OSS at Google is a lot more than Android ...

... and Chrome

We have 6 people working on compliance covering use of open source software within Google and releasing our own code as open source.

We have countless engineers working on code that gets open-sourced, who work on external open source projects, who publish research papers to share with others, and who give talks like this one.

The Google org alone contains over 800 projects as of 2016/03, and we have more than 3,000 open source projects on Github across all of our orgs.
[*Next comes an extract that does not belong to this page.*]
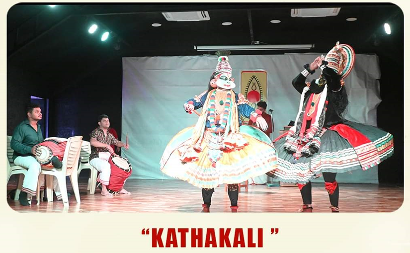 The troupe included distinguished artists such as Mr. Prem Shankar, Mr. Anuraj, Mr. Sai Kumar (singer), Mr. Akhil (drum player), Mr. Sri Hari Maddalam, and Mr. Suresh Arjunarist (manager and demonstrator of the art form). Adding to the evening’s splendor was an exceptional violin performance by Dr. M. Rajan, a maestro of Indian classical music. His soulful compositions perfectly complemented the Kathakali recital, enriching the audience's experience.

We ask employees to send patches using their Google email address when possible just to help spread the word about how much code Google releases and contributes as patches.

Some projects lack a license and as a result aren’t legally open source until their source tree is fixed. Usually we can get the external project owner to fix their source tree, but sometimes not.

We use open source just about everywhere. Being able to add features and fix bugs as quickly as we need them is a primary motivation, much more so than saving on licensing fees.

Akademy (KDE)

Partial list of 250+ events Google sponsors

Apache Software Foundation

Accurate distributed system tracing infrastructure at PolyMTL

When SourceForge was becoming questionable as a repository for open source software, we helped fill the gap with code.google.com.

Open source peer bonuses: We allow employees to nominate open source people outside of Google for a cash bonus for their work in open source.

We have programs to expose students to open source. These bring new contributors into open source, connects students with mentors, and gives students real-world software development experience.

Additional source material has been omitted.